There are two more enzymes that catalyze the conversion of versicolorin A to demethylsterigmatocystin: AflN, an oxidase and AflM, a reductase. These enzymes use both molecular oxygen and two NADPH's to dehydrate one of the hydroxyl groups on the anthraquinone and open the quinine with the molecular oxygen. [27] [29] Upon forming the aldehyde in the ring opening step, it is oxidized to form the carboxylic acid and subsequently a decarboxylation event occurs to close the ring, forming the six-member ether ring system seen in demethylsterigmatocystin. The next two steps in the biosynthetic pathway is the methylation by S-adenosyl methionine (SAM) of the two hydroxyl groups on the xanthone part of demethysterigmatocystin by two different methyltransferases, OmtB and OmtA. [27] [29] This yields O-methylsterigmatocystin. In the final steps there is an oxidative cleavage of the aromatic ring and loss of one carbon in O-methylsterigmatocystin, which is catalyzed by OrdA, an oxidoreductase. [27] [29] Then a final recyclization occurs to form aflatoxin B1.

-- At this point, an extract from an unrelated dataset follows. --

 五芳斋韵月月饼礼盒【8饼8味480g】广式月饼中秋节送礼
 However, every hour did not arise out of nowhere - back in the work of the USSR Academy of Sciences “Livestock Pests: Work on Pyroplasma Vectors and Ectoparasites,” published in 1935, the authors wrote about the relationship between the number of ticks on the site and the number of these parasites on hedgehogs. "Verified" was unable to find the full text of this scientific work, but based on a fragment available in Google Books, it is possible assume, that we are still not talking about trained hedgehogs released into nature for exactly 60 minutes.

Mechanism of carcinogenicity

Aflatoxin B1 is a potent genotoxic hepatocarcinogen with its exposure strongly linked to the development of hepatocellular carcinoma, liver tumors, especially given co-infection with hepatitis B virus. [18] These effects seem to be largely mediated by mutations at guanine in codon 249 of the p53 gene, a tumor suppressing gene, [30] and at several guanine residues in the 12th and 13th codons of the ras gene, a gene whose product controls cellular proliferation signals. [31] [32] Aflatoxin B1 must first be metabolized into its reactive electrophilic form, aflatoxin B1-8,9-exo-epoxide by cytochrome p450. [18] This active form then intercalates between DNA base residues and forms adducts with guanine residues, most commonly aflatoxin B1-N7-Gua. These adducts may then rearrange or become removed from the backbone altogether, forming an apurinic site. These adducts and alterations represent lesions which, upon DNA replication cause the insertion of a mis-matched base in the opposing strand. Up to 44% of hepatocellular carcinomas in regions with high aflatoxin exposure bear a GC → TA transversion at codon 249 of p53, a characteristic mutation seen with this toxin. [32]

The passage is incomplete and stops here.